This article was originally published on WHerMoments
So you’ve watched all the Judy Garland movies, you’re a huge Wizard of Oz fan, and you know all about her on-screen life. But do you know the real story behind the movie sets and Hollywood smiles? Life for the famous icon wasn’t all happy songs and dances. In fact, there were times when the Wicked Witch of the West would have been a preferable alternative. Garland had some dark times that were in stark contrast to her sunny public image.
Tornado
Even from a young age, the Gumm family — that’s Garland’s real surname, in case you didn’t know — were beset with tragedy and scandal. In 1926 when Judy was just four, allegations started swirling like a tornado around her father, Frank.

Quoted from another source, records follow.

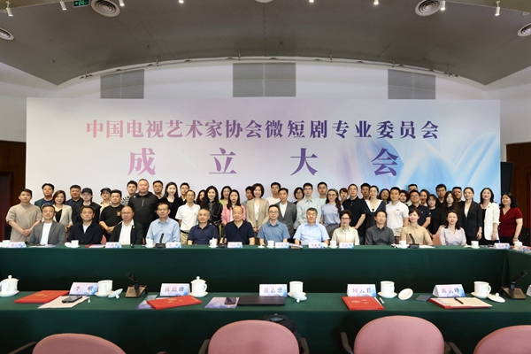 5月18日,中国电视艺术家协会微短剧专业委员会成立大会在北京召开。中国视协分党组书记、驻会副主席、秘书长范宗钗,国家广播电视总局网络视听节目管理司副司长任道远,中央广播电视总台影视剧纪录片中心原主任庄殿君,中国网络视听节目服务协会副会长陶嘉庆,浙江华策影视集团创始人、董事长赵依芳,吉林动画学院董事长、校长郑立国,来自有关部门、传媒集团、广播电视台及影视文化机构等单位的负责同志、艺术家、专家学者以及媒体记者等80余人出席会议。会议由中国视协分党组成员、副秘书长董涛主持。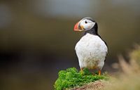 Papegaaiduiker staand op een rots bij Latrabjarg IJsland, hier broeden de papegaaiduikers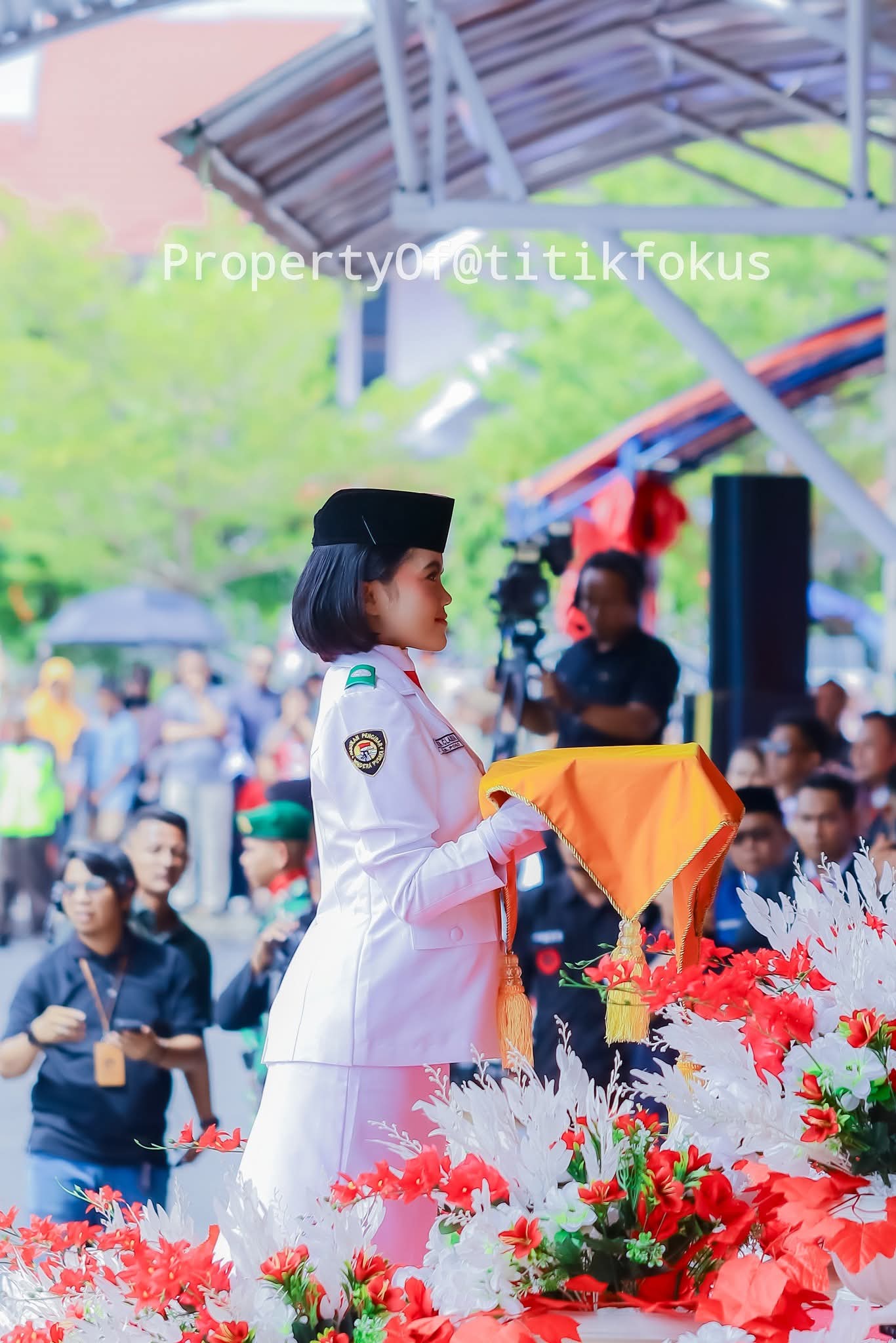 Sosok pelajar yang murah senyum dipilih menjadi pembawa baki bendera merah putih pada Upacara 17 Agustus 2025 di Lapangan Maroso Poso.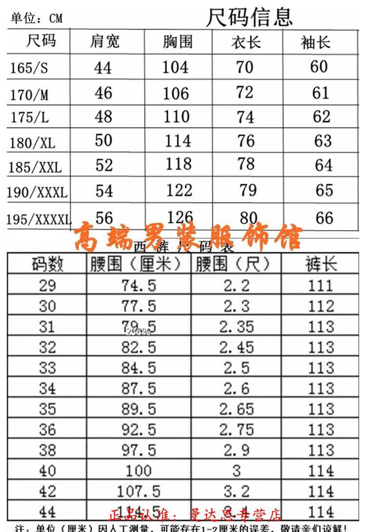 China (cm) 165 / 88-90 170 / 96-98 175 / 108-110 180 / 118-122 185 / 126-130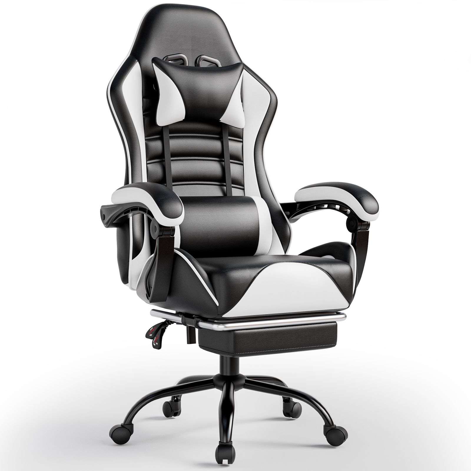 2.Our gaming computer chair is extremely stable with its sturdy one-piece alloy frame and heavy-duty anti-tip axle. The BIFMA-certified heavy-duty metal base coupled with 360-degree swiveling and smooth-rolling rubber castors allow you to effortlessly move the pc gaming chair without making any noise or scratching the floor.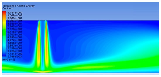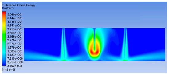 Turbulence kinetic energy contours of the single slot jet at H/B = 8, Re = 1.1 × 104, with k-ε model.
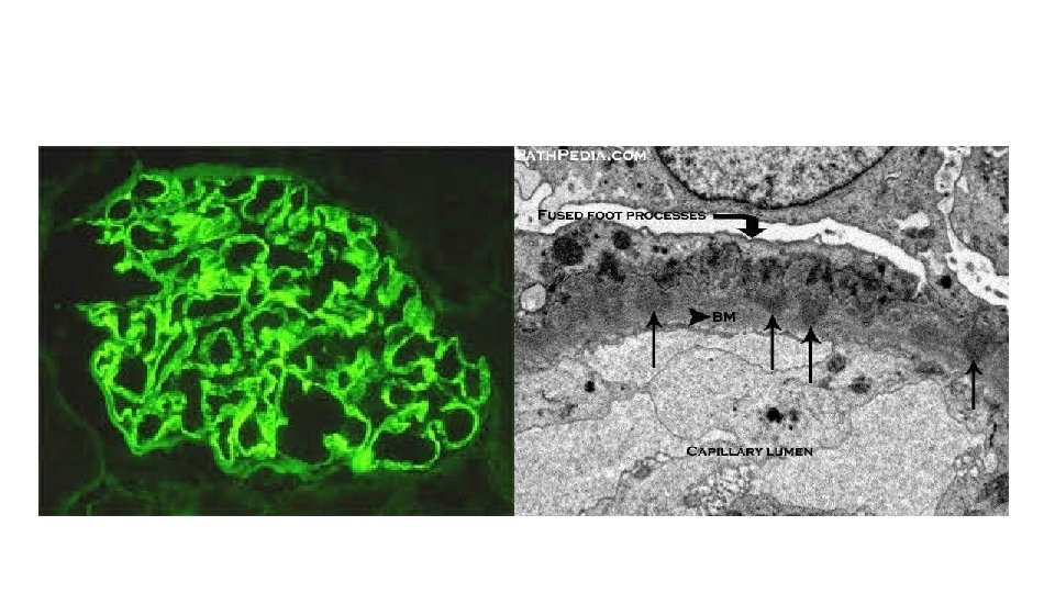 Pathogenesis • the glomerulus becomes permeable to large molecules (e. g. , albumin) • this loss of albumin (proteinuria) results in hypoalbuminemia and edema • associated with a hypercoagulable state • pathophysiology unclear but may be due to loss of antithrombin and plasminogen proteins • increased lipid synthesis secondary to proteinuria • this in turn results in hypercholesterolemia and hyperlipidemia

It was a very different time, so when rumors circulated that he was involved in relations with young men, it caused outrage. His forced unhappiness ruined his relationship with his wife Ethel which, in turn, emotionally scarred their children, Garland included.
Dangerous road
Garland would later inform newspaper The New York Times, “As I recall, my parents were separating and getting back together all the time. It was very hard for me to understand those things and, of course, I remember clearly the fear I had of those separations.”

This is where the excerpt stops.